Kimi istifalar vardır, mücadelenin önünü açar. Eğer Kumlu, tabandan gelen baskı sonucu istifa etseydi, kuşkusuz bu mücadelenin bir kazanımı olur ve işçilerin kendine güvenini arttırırdı.
Mustafa Kumlu’nun halen genel başkanlığını sürdürdüğü Tes-iş sendikasına üye olan H. İbrahim Önderoğlu’nun sözleri, bu yönüyle çarpıcıdır: “Sadece Kumlu’nun gidişiyle, ne Türk-iş ne Tes-iş düzelir. Çünkü Türk-iş’in içerisinde, işçilerin değil, kendi menfaatini düşünen kökleşmiş bir yapı var. Bu yapının değişmesi lazım.”
Haber-iş üyesi Yusuf Keş; “12 Eylül darbesi ve sonrasında getirilen sendika yasaları üzerinde yükselen bu insanlar, sendikaları kendi malları gibi görüyor, sendika üyesi çalışanların taleplerini hiçe sayan bir anlayışa sahipler” diyor.
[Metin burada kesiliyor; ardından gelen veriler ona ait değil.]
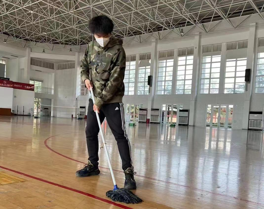 学子打扫体育馆

Kristal-iş sendikasına üye olan işçi Barış Kılıç ise, “Türk-iş’te tabandan bir hareket olmadıkça bir şey fark etmez. İşçiler yönetimde söz sahibi olmalı” diyerek, olması gerekeni belirtiyor.
* * *
İşçi sınıfının en önemli mücadele araçları olan sendikalar, işbirlikçi sendikacılar vastasıyla yıllardır burjuvazinin hizmetine sokulmuş durumda. Bu işbirlikçi bürokratik çeteleri, sendika yönetimlerinden kovmadıkça, sendikalar burjuvaziye hizmet etmeye devam edecektir.
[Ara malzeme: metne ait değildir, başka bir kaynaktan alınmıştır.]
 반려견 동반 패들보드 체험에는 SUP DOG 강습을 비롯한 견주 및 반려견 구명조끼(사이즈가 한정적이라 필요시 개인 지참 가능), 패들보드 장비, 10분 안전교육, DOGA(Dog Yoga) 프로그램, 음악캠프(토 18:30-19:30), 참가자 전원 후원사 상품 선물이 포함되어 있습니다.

Devrimci öncü işçiler, daha aktif ve inisiyatifli davranmalı, tabandan örgütlenerek sendikaların yönetimini ele almalılar. Kapitalist sisteme karşı mücadele, burjuvazinin işbirlikçisi sendikacılara karşı mücadeleyle birlikte içiçe yürütülmelidir.